WHAT YOU WILL DO:
Return the listing below unchanged, except that the pictures are dropped.

SUPPLIED INFORMATION:
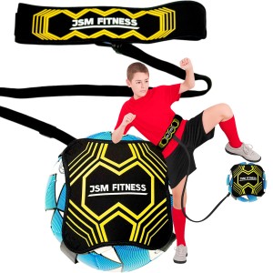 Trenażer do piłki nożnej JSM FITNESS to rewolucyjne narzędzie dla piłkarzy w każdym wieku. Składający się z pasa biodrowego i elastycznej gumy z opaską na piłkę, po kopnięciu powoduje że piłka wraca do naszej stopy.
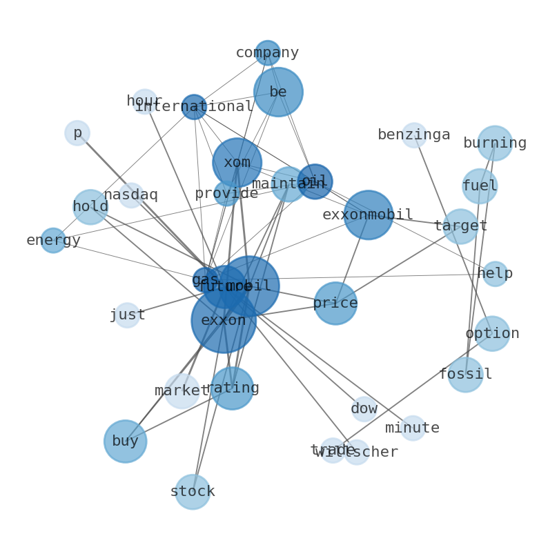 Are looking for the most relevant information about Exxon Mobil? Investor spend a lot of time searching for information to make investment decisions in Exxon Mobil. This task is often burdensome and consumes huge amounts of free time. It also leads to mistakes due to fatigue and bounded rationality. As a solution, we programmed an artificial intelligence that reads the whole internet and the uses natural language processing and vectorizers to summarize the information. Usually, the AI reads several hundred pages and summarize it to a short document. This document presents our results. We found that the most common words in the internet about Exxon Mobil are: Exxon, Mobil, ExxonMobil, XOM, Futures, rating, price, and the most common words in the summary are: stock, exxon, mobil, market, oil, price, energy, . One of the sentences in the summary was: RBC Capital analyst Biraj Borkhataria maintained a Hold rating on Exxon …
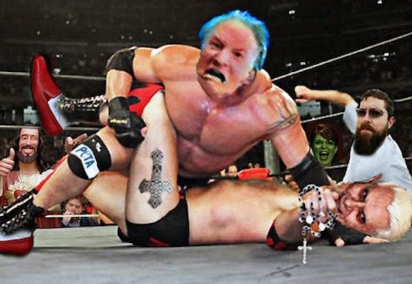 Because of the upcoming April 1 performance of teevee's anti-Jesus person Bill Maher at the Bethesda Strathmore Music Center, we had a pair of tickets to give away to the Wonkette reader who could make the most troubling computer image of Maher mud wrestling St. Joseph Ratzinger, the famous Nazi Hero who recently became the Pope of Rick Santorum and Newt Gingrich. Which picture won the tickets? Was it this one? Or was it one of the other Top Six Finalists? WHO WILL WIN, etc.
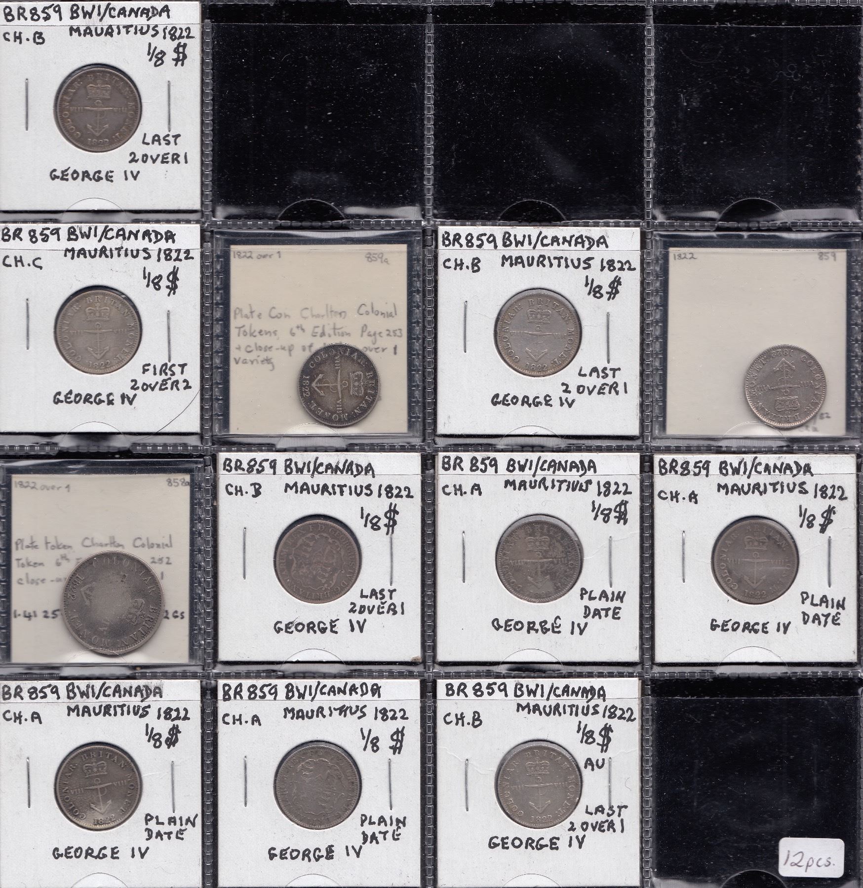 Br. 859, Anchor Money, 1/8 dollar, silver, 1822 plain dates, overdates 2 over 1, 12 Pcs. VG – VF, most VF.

SOLUTION:
 Trenażer do piłki nożnej JSM FITNESS to rewolucyjne narzędzie dla piłkarzy w każdym wieku. Składający się z pasa biodrowego i elastycznej gumy z opaską na piłkę, po kopnięciu powoduje że piłka wraca do naszej stopy.
 Are looking for the most relevant information about Exxon Mobil? Investor spend a lot of time searching for information to make investment decisions in Exxon Mobil. This task is often burdensome and consumes huge amounts of free time. It also leads to mistakes due to fatigue and bounded rationality. As a solution, we programmed an artificial intelligence that reads the whole internet and the uses natural language processing and vectorizers to summarize the information. Usually, the AI reads several hundred pages and summarize it to a short document. This document presents our results. We found that the most common words in the internet about Exxon Mobil are: Exxon, Mobil, ExxonMobil, XOM, Futures, rating, price, and the most common words in the summary are: stock, exxon, mobil, market, oil, price, energy, . One of the sentences in the summary was: RBC Capital analyst Biraj Borkhataria maintained a Hold rating on Exxon …
 Because of the upcoming April 1 performance of teevee's anti-Jesus person Bill Maher at the Bethesda Strathmore Music Center, we had a pair of tickets to give away to the Wonkette reader who could make the most troubling computer image of Maher mud wrestling St. Joseph Ratzinger, the famous Nazi Hero who recently became the Pope of Rick Santorum and Newt Gingrich. Which picture won the tickets? Was it this one? Or was it one of the other Top Six Finalists? WHO WILL WIN, etc.
 Br. 859, Anchor Money, 1/8 dollar, silver, 1822 plain dates, overdates 2 over 1, 12 Pcs. VG – VF, most VF.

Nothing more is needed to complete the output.